威厳のあるグラッドストン伯爵様が、冷ややかに言う。この怖い顔のグラッドストン伯爵様がノキアを庇護していたから、彼らは今まで突撃してこなかったのだろう。


先ほどまで、ふんぞり返って感情のままに私とお義母様を責めていた親たちが、グラッドストン伯爵様の迫力に押されて歯切り悪くなる。


そして、グラッドストン伯爵様のこの言い方。学校は、寄付金を納めている彼らの味方なのだ。きっと、それに怒ってグラッドストン伯爵様は寄付金を納めることをしないのだ。


今も、ノキアを侮辱されて冷ややかな怒りが彼からひしひしと感じる。

やっぱり、ノキアにはグラッドストン伯爵様が必要なのだ。


「怪我のことは訴えるのであれば、私の病院に見させよう。

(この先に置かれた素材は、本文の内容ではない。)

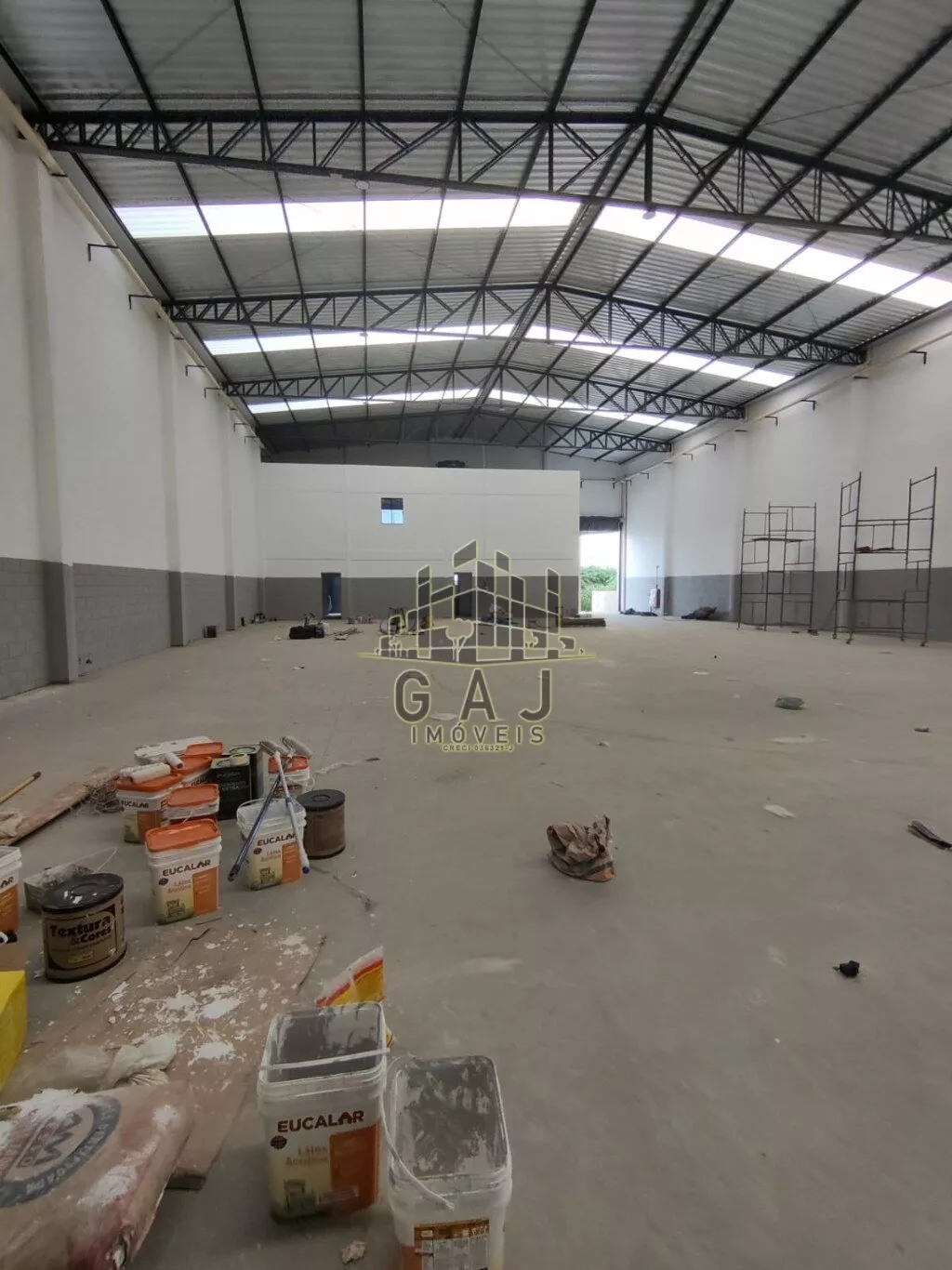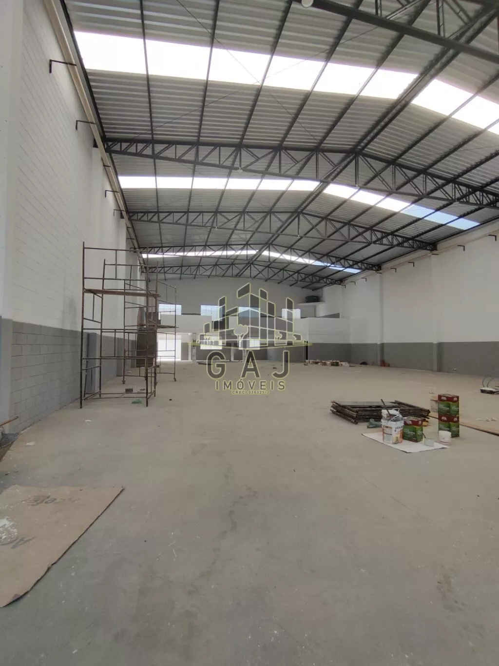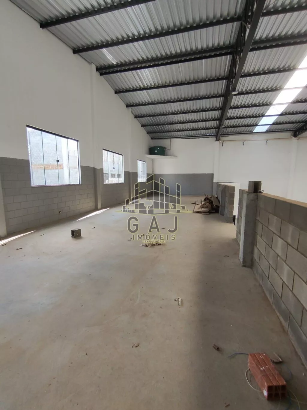 Amplo espaço de salão com 1015m² de área útil + área externa. Terreno com 1000m². Pé direito de 6 metros de altura. Sistema de bombeiros completo, com caixa d’água de 20mil litros. Amplo espaço de recepção, 02 vestiários, copa e um amplo escritório com dois banheiros no pavimento superior. Entrada plana e ampla, com 03 vagas de estacionamento e muro na frente para apoio de estacionamentos de funcionários.

しばらくは、そこにいるがいい」

「病院……ですか」

「聖女の力を使って治すほどものか? くだらん。国に仕える聖女の力を甘く見ることは、聖女を統括する陛下や殿下の顔に泥を塗ることにもなるだろう。素直に病院へ行け」

「わ、わかりました……ですが、謝罪はして頂きたい」

「謝罪だと?」


その時、一頭の馬が物凄い勢いでやって来た。